- **Aim of the task**: Using the data that follows, give again word for word the lines between the one holding "Figure S99. Get" and the one holding "厅室3室2厅1卫1阳台", inclusive. Omit the pictures.

- **Records provided**:

####

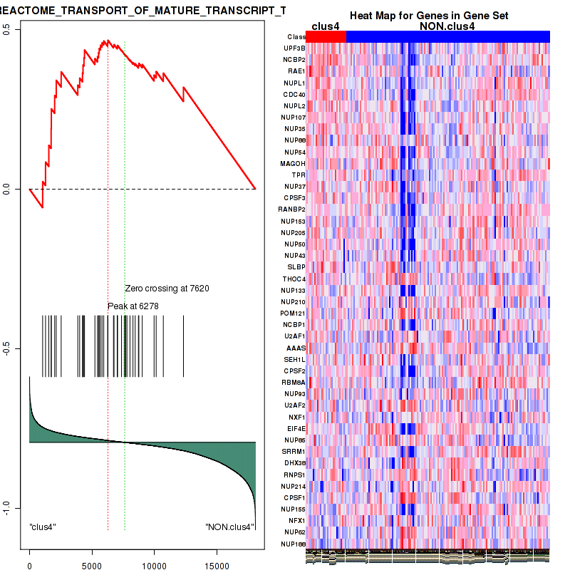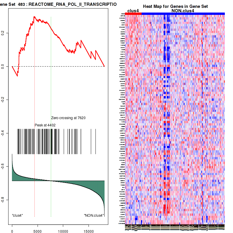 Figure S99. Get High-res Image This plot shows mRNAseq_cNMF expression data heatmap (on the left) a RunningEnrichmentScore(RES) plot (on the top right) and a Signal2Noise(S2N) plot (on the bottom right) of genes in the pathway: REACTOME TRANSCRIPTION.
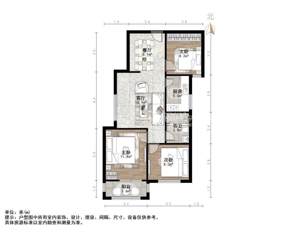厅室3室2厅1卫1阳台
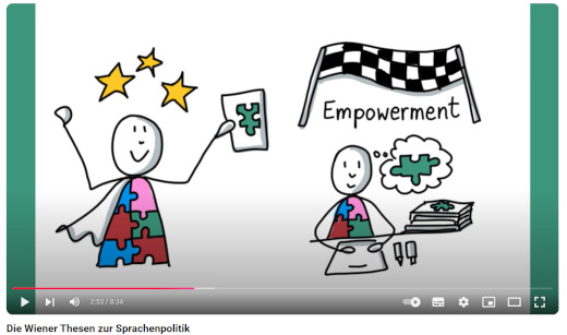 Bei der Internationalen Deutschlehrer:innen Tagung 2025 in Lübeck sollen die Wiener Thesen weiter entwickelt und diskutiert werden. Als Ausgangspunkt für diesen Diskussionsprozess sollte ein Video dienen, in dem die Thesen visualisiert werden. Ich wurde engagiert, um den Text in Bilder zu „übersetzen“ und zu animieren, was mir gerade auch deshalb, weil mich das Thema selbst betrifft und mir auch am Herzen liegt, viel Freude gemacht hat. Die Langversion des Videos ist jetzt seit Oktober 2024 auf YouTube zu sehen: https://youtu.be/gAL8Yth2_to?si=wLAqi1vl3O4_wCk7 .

####

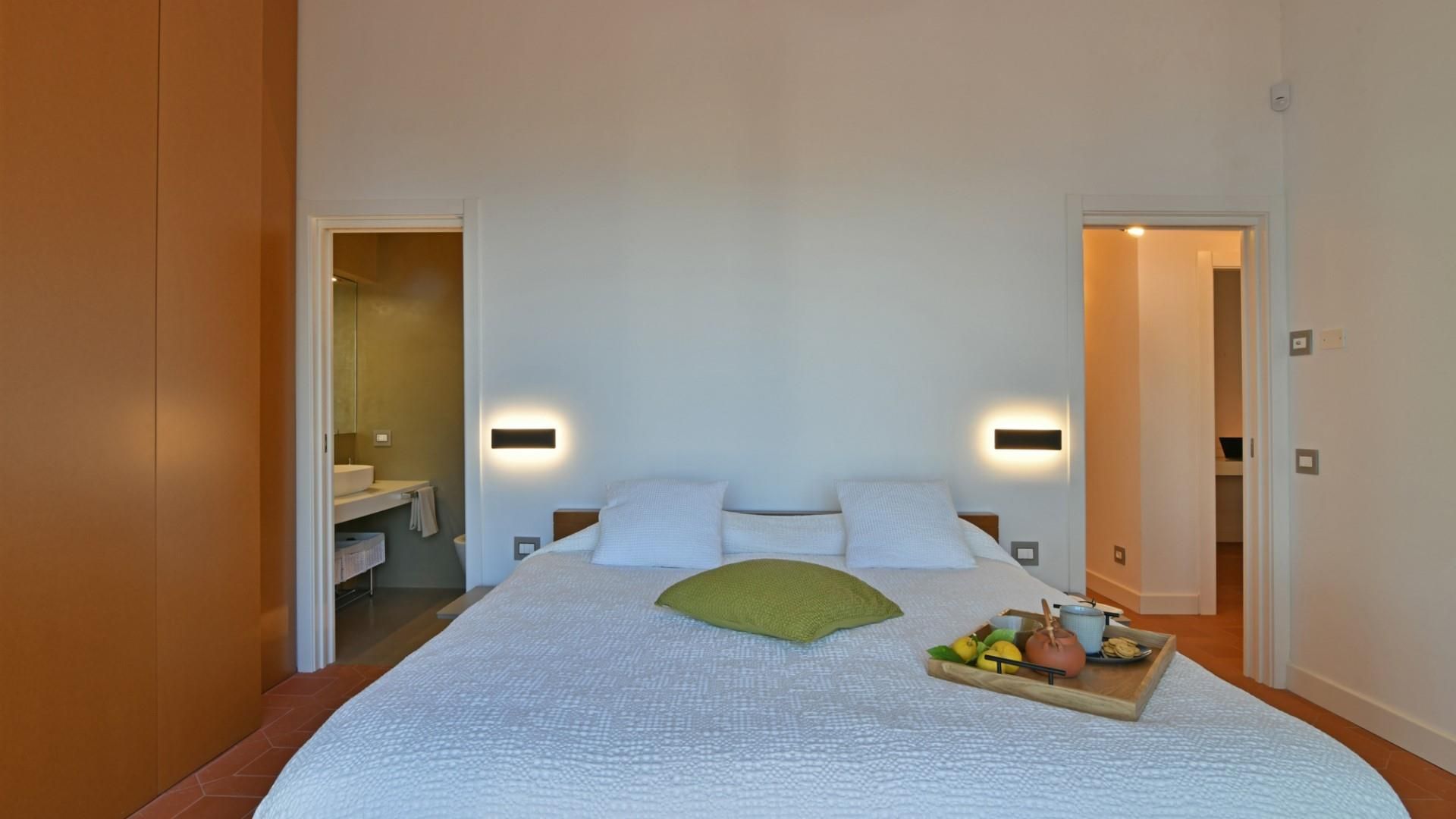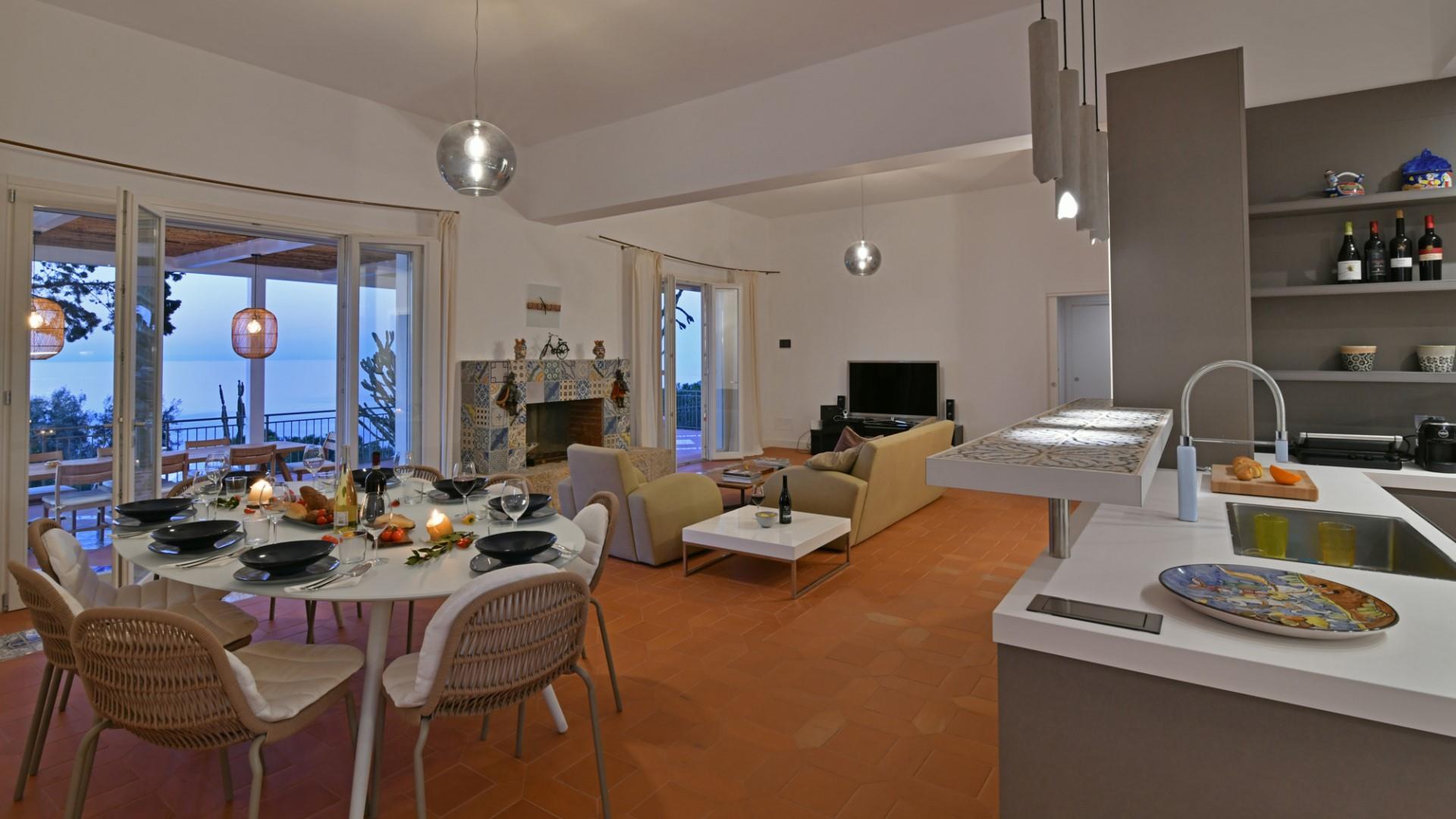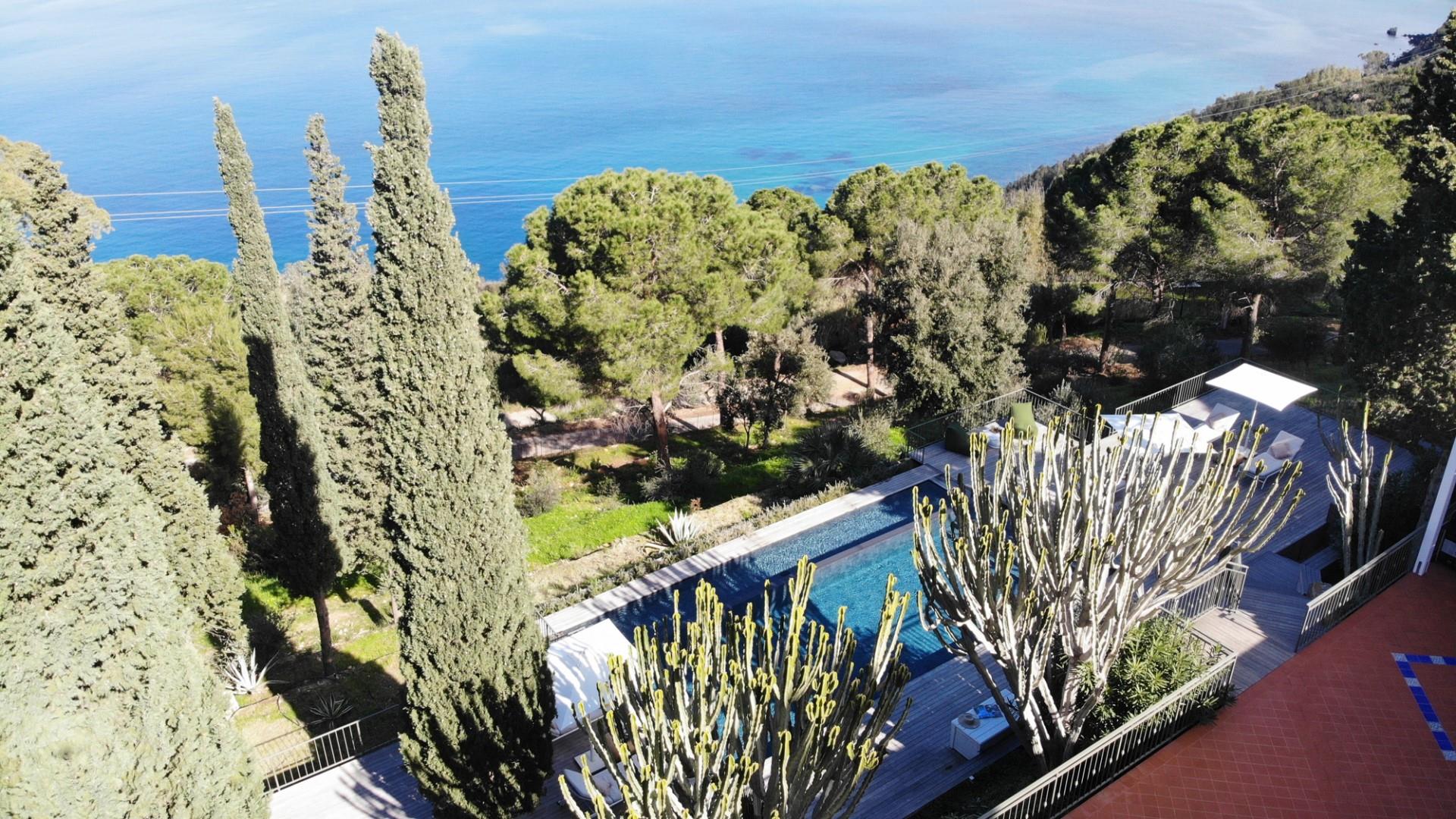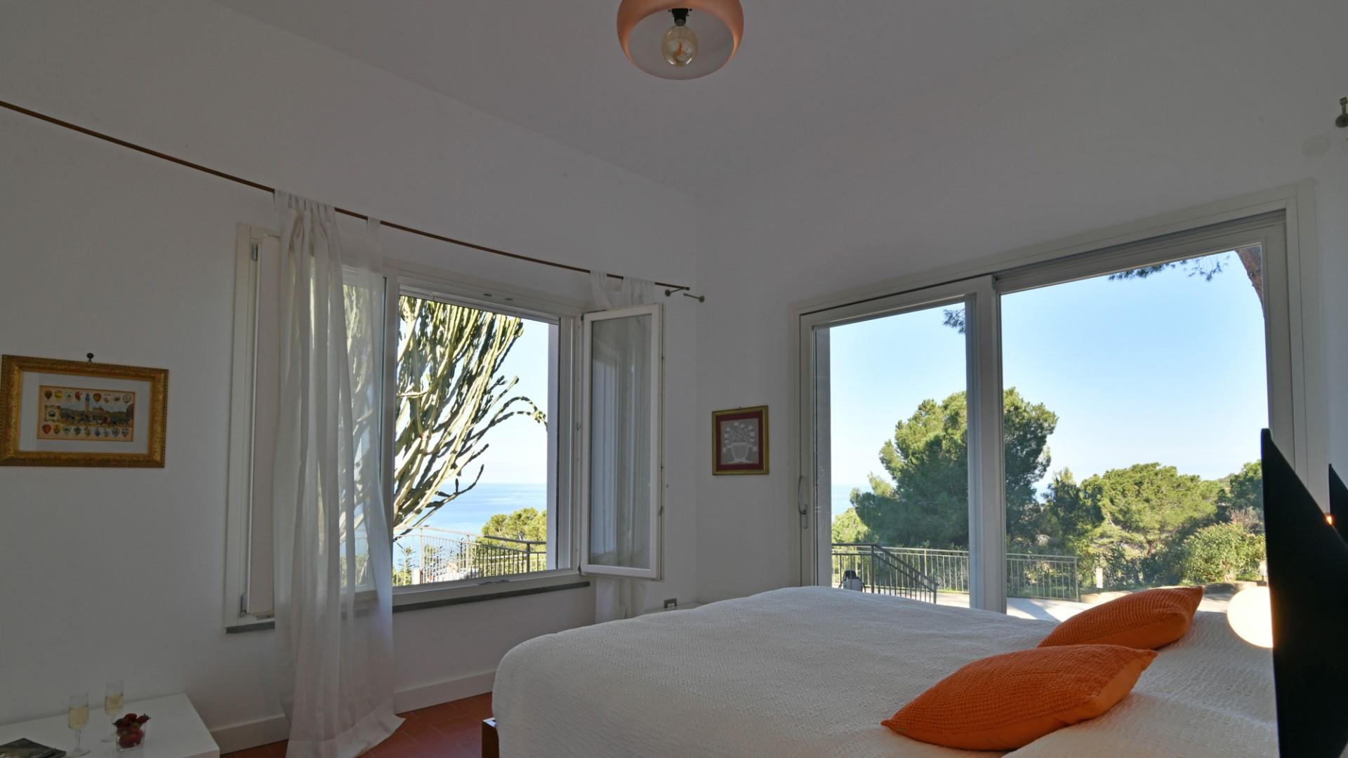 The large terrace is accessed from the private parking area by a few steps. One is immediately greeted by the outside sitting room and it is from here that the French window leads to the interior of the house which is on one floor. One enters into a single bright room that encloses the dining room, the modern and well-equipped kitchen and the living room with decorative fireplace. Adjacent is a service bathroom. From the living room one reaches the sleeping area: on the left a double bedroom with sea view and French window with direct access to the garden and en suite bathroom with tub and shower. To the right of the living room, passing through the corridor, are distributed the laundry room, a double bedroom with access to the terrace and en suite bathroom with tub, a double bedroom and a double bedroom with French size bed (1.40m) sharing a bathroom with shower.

####

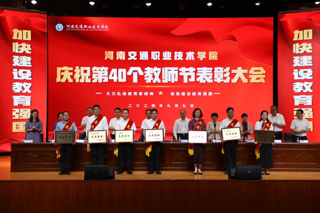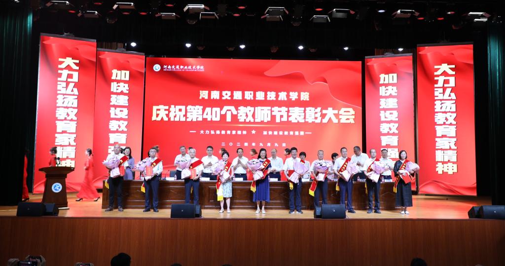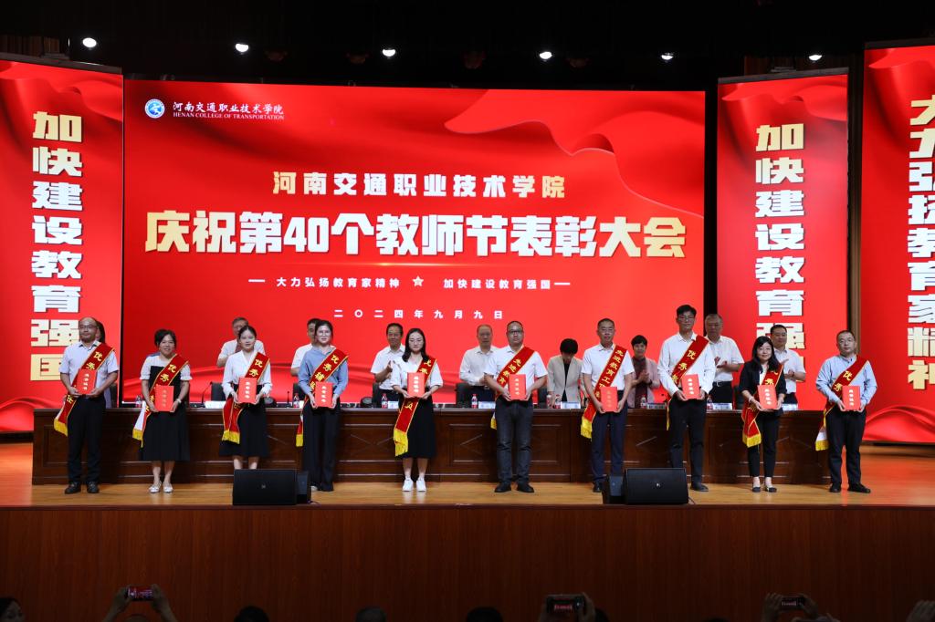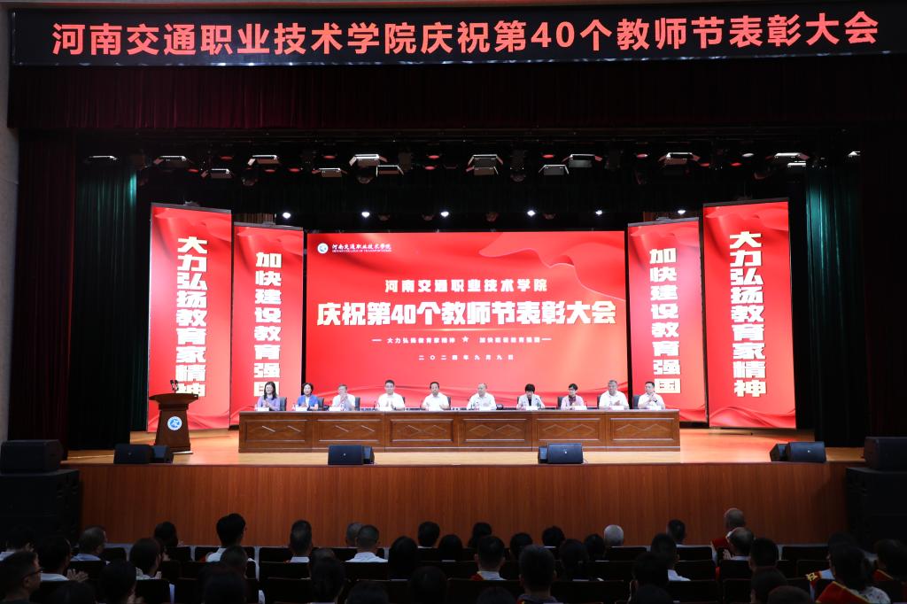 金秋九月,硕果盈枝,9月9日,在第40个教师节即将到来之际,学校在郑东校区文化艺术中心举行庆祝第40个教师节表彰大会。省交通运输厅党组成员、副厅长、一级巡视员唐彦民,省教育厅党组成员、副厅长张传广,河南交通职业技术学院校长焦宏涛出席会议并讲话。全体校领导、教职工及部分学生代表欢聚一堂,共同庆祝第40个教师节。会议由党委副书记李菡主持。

####

- **Result below**:
 Figure S99. Get High-res Image This plot shows mRNAseq_cNMF expression data heatmap (on the left) a RunningEnrichmentScore(RES) plot (on the top right) and a Signal2Noise(S2N) plot (on the bottom right) of genes in the pathway: REACTOME TRANSCRIPTION.
厅室3室2厅1卫1阳台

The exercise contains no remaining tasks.